我相信不少人在作項目的都碰到過Excel數據導出的需求,我從最開始使用最原始的HTML拼接(將須要導出的數據拼接成TABLE標籤)到後來happy的使用開源的NPOI, EPPlus等開源組件導出EXCEL,但不久前,我在一個項目碰到一個需求:要將幾個分別有近60多萬的數據源導出到Excel中,咱們先不要討論這個需求自己是否合理,客戶就是要這樣。我前後用NPOI和EPPlus,都發現同一個問題:OutOfMemoryException,我電腦12G內存竟然不夠用?git
的確內存溢出了,但內存還剩下好幾個G的,就會溢出,我用 .NET作的網站,開發的時候Host應該是Visual Studio安裝的IIS Express, 應該是VS自己的限制,不過在網上查閱資料也沒發現這的確也是困擾一些人的,也沒查到什麼結果,好在還有Google, 躍過牆外,在Stack Overflow上查到資料: OpenXML , 這不是什麼新技: Office 2007在設計的時候, 爲了更好的和其它應用程序交互,使用了XML + ZIP技術來實現excel, world, PPT等組件的本地保存, 咱們所使用xlsx, dox, pptx文件本質上就一個ZIP壓縮包,包內是組織好的XML文件,也就是說,咱們能夠經過生成, 修改, 生成合規的XML文件,再壓縮成ZIP包,這就是一個能夠被Office識別的文件了。github
用圖說話:app
在園子裏其實也有很多人介紹過 Open XML, 我想就多一個視角來介紹Open XML吧,好像也有很長時間沒人寫關於這個博文。ide
什麼是Office Open XML?網站
咱們來看下維基百科的定義:ui
Office Open XML (also informally known as OOXML or Microsoft Open XML (MOX)[2) is a zipped, XML-based file format developed by Microsoft[3] for representing spreadsheets, charts, presentations and word processing documents.

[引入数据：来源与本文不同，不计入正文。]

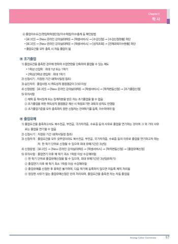 Sejong Cyber University 57 %u2465 %uc878%uc5c5%uc774%uc218%uc694%uac74/%ud3b8%uc785%ud559%ud559%uc810%uc778%uc815/%uc774%uc218%ud559%uc810/%uc774%uc218%ucd1d%uacc4 %ub4f1 %ud655%uc778%ubc29%ubc95 %u2022 [%ub85c%uadf8%uc778] %u2192 [New %uc628%ub77c%uc778 %uac15%uc758%uc2e4(%ub300%ud559)] %u2192 [%ud559%uc0dd%uc11c%ube44%uc2a4] %u2192 [%uc218%uac15%uc2e0%uccad] %u2192 [%uc218%uac15%uc2e0%uccad%ud604%ud669] %ud558%ub2e8 %u2022 [%ub85c%uadf8%uc778] %u2192 [New %uc628%ub77c%uc778 %uac15%uc758%uc2e4(%ub300%ud559)] %u2192 [%ud559%uc0dd%uc11c%ube44%uc2a4] %u2192 [%uc131%uc801%uc870%ud68c] %u2192 [%uc804%uccb4%uacfc%ubaa9%uc774%uc218%ud604%ud669] %ud558%ub2e8 %u2022 %uc878%uc5c5%uc694%uac74%uc744 %ubaa8%ub450 %ucda9%uc871 %uc2dc %uc790%ub3d9 %uc878%uc5c5%uc774 %ub428 %u2299 %uc870%uae30%uc878%uc5c51) %uc878%uc5c5%uc694%uac74%uc744 %ucda9%uc871%ud55c %uacbd%uc6b0%uc5d0 %ud55c%ud558%uc5ec %uc218%uc5c5%uc5f0%ud55c%uc744 %ub2e8%ucd95%ud558%uc5ec %uc878%uc5c5%ud560 %uc218 %uc788%ub294 %uc81c%ub3c4 %u2022 1%ud559%ub144 %uc2e0%uc785%ud559 : %ucd5c%ub300 1%ub144 %ub610%ub294 1%ud559%uae30 %u2022 2%ud559%ub144/3%ud559%ub144 %ud3b8%uc785%ud559 : %ucd5c%ub300 1%ud559%uae302) %uc2e0%uccad%uc2dc%uae30 : %uc9c0%uc815%ub41c %uae30%uac04 %ub0b4(%ud559%uc0ac%uc77c%uc815 %ucc38%uc870)3) %uc2b9%uc778%uc790%uaca9 : %uc878%uc5c5%uc0ac%uc815 %uc2dc %ucde8%ub4dd%uc131%uc801 %ud3c9%uc810%ud3c9%uade0%uc774 3.50 %uc774%uc0c14) %uc2e0%uccad%ubc29%ubc95 : [%ub85c%uadf8%uc778] %u2192 [New %uc628%ub77c%uc778 %uac15%uc758%uc2e4(%ub300%ud559)] %u2192 [%ud559%uc0dd%uc11c%ube44%uc2a4] %u2192 [%ud559%uc801%ubcc0%ub3d9%uc2e0%uccad] %u2192 [%uc870%uae30%uc878%uc5c5%uc2e0%uccad]5) %uc720%uc758%uc0ac%ud56d %u2460 %uc7ac%ud559 %uc911 %ud559%uc0ac%uc9d5%uacc4 %ub610%ub294 %uc9d5%uacc4%ucc98%ubd84%uc744 %ubc1b%uc740 %uc790%ub294 %uc870%uae30%uc878%uc5c5%uc744 %ud560 %uc218 %uc5c6%uc74c %u2461 %uc870%uae30%uc878%uc5c5%uc744 %uc704%ud55c %ucde8%ub4dd%uc131%uc801 %ud3c9%uc810%ud3c9%uade0 %uacc4%uc0b0 %uc2dc %ud559%uc810%ud3ec%uae30%ud55c %uacfc%ubaa9%uc758 %uc131%uc801%ub3c4 %ubc18%uc601%ud568 %u2462 %uc870%uae30%uc878%uc5c5%uae30%uc900%uc744 %ubaa8%ub450 %ucda9%uc871%ud558%uc9c0 %ubabb%ud55c %uc2e0%uccad%uc790%ub294 %uc794%uc5ec%ud559%uae30%ub97c %ub4f1%ub85d, %uc774%uc218%ud558%uc5ec%uc57c %ud568 %u2299 %uc878%uc5c5%uc720%uc6081) %uc878%uc5c5%uc694%uac74%uc744 %ucda9%uc871%ud558%uace0%uc11c%ub3c4 %ubcf5%uc218%uc804%uacf5, %ubd80%uc804%uacf5, %uad6d%uac00%uc790%uaca9%uc99d, %uc218%ub8cc%uc99d %ub4f1%uc758 %uc0ac%uc720%ub85c %uc878%uc5c5%uc744 %uc5f0%uae30%ud558%ub294 %uac83%uc774%uba70 %uadf8 %uc678 %uae30%ud0c0 %uc0ac%uc720%ub85c%ub294 %uc878%uc5c5%uc744 %uc5f0%uae30%ud560 %uc218 %uc5c6%uc74c2) %uc2e0%uccad%uc2dc%uae30 : %uc9c0%uc815%ub41c %uae30%uac04 %ub0b4(%ud559%uc0ac%uc77c%uc815 %ucc38%uc870)3) %uc2e0%uccad%uc790%uaca9 : %uc878%uc5c5%uc694%uac74%uc744 %ubaa8%ub450 %uac16%ucd94%uc5c8%ub354%ub77c%ub3c4 %ubcf5%uc218%uc804%uacf5, %ubd80%uc804%uacf5, %uad6d%uac00%uc790%uaca9%uc99d, %uc218%ub8cc%uc99d %ub4f1%uc758 %uc774%uc720%ub85c %uc878%uc5c5%uc744 %uc5f0%uae30%ud558%uace0%uc790 %ud558%ub294 %uc790. %ud55c %ud559%uae30 %ub2e8%uc704%ub85c %uc2e0%uccad%ud560 %uc218 %uc788%uc73c%uba70 %ucd5c%ub300 %uc720%uc608%uae30%uac04%uc740 3%ub144%uc7844) %uc2e0%uccad%ubc29%ubc95 : [%ub85c%uadf8%uc778] %u2192 [New %uc628%ub77c%uc778 %uac15%uc758%uc2e4(%ub300%ud559)] %u2192 [%ud559%uc0dd%uc11c%ube44%uc2a4] %u2192 [%ud559%uc801%ubcc0%ub3d9%uc2e0%uccad] %u2192 [%uc878%uc5c5%uc720%uc608%uc2e0%uccad]5) %uc720%uc758%uc0ac%ud56d : %uc878%uc5c5%uc5f0%uae30 %uc774%ud6c4 %ub9e4 %ud559%uae30 %ucd5c%uc18c 1%ud559%uc810 %uc774%uc0c1 %uc218%uac15%ud574%uc57c%ud568 %u2460 %ud55c %ud559%uae30 %ub2e8%uc704%ub85c %uc878%uc5c5%uc720%uc608%uc2e0%uccad%uc744 %ud560 %uc218 %uc788%uc73c%uba70, %ucd5c%ub300 %uc720%uc608%uae30%uac04%uc740 3%ub144%uc784(6%ud559%uae30) %u2461 %uc878%uc5c5%uc5f0%uae30 %uc774%ud6c4 %ub9e4 %ud559%uae30 %ucd5c%uc18c 1%ud559%uc810 %uc774%uc0c1 %uc218%uac15%ud574%uc57c%ud568 %u2462 %uc878%uc5c5%uc720%uc608%ub97c %uc2e0%uccad%ud55c %ud6c4 %ud734%ud559%uc740 %ubd88%uac00%ud558%uba70, %ub2e4%uc74c %ud559%uae30%uc5d0 %ub4f1%ub85d%ud558%uc9c0 %uc54a%uc73c%uba74 %ubbf8%ub4f1%ub85d %uc81c%uc801 %ucc98%ub9ac%ub428 %u2463 %uc815%ub2f9%ud55c %uc0ac%uc720%uac00 %uc5c6%ub294 %uc878%uc5c5%uc720%uc608%uc2e0%uccad%uc740 %ubc18%ub824 %ucc98%ub9ac%ub418%uba70, %uc878%uc5c5%uc694%uac74%uc744 %ucda9%uc871%ud55c %uc790%ub294 %uc790%ub3d9 %uc878%uc5c5%ub428Chapter%u2161%ud559 %uc0ac

The format was initially standardized by Ecma (as ECMA-376), and by the ISO and IEC (as ISO/IEC 29500) in later versions.this
Starting with Microsoft Office 2007, the Office Open XML file formats have become the default[4] target file format of Microsoft Office.[5][6] Microsoft Office 2010 provides read support for ECMA-376, read/write support for ISO/IEC 29500 Transitional, and read support for ISO/IEC 29500 Strict.[7] Microsoft Office 2013 and Microsoft Office 2016 additionally support both reading and writing of ISO/IEC 29500 Strict.[8]respa
refer: https://en.wikipedia.org/wiki/Office_Open_XML設計
從Office 2007開始,就開始使用XML文件格式做爲Microsoft Office的默認保存方式,其實咱們一般用的NPOI office 2007部分和EPPlus就是使用Open XML來開發的。excel
爲何同是使用Open XML, NPOI和EPPLus會出現內存溢出的問題?
這兩個開源組件有對Office套件有着很全面的支持,它們會把數據加載到內存中一次性處理,若是碰到數據量過大,就極可能 遇到這個問題,網上EPPlus在20多萬條數據的就溢出了,NPOI在11多萬的時候就會溢出, 這個是和數據的列數和內容有關係,無論怎樣,咱們之後多是會碰到這種大量數據的EXCEL導出,咱們不須要很複雜的功能,就是想要導出一個EXCEL列表,這實際上是能夠作到的。
Open XML怎樣作不會內存溢出?
NPOI和EPPlus在導出大量數據 的Excel列表時可能 會發生內存溢出的問題,緣由是它們都把數據保存在內存中,由於它們支持各類複雜的功能,那麼簡單的列表,就是數量超大,咱們把它經過文件流寫入磁盤,這個問題就解決了。
如何使用OPEN XML?
咱們須要去微軟官網下載OFFICE OPEN XML的SDK,連接: https://www.microsoft.com/en-hk/download/details.aspx?id=30425,推薦使用NuGet在VISULAL STUDIO直接將引用添加到Project。
在GitHub還有一些示例代碼:https://github.com/OfficeDev/Open-XML-SDK
代碼實現
說了這麼多廢話,咱們看如何用OPEN XML實現一個EXCEL列表的導出:
從原理上講就是用OpenXML一個一個把標籤寫入本地磁盤。
我截取我寫的導出類的幾個方法來來解釋:
/// <summary> /// 指定磁盤路徑初始化OpenWorkDoucment /// </summary> /// <param name="fileName"></param> private void OpenWorkDocument(string fileName) { document = SpreadsheetDocument.Create(fileName, SpreadsheetDocumentType.Workbook); }
///<summary>
///用datatable做爲數據源,實際狀況能夠根據須要調整
///</summary>
public void AddSheet(DataTable dt, string sheetName)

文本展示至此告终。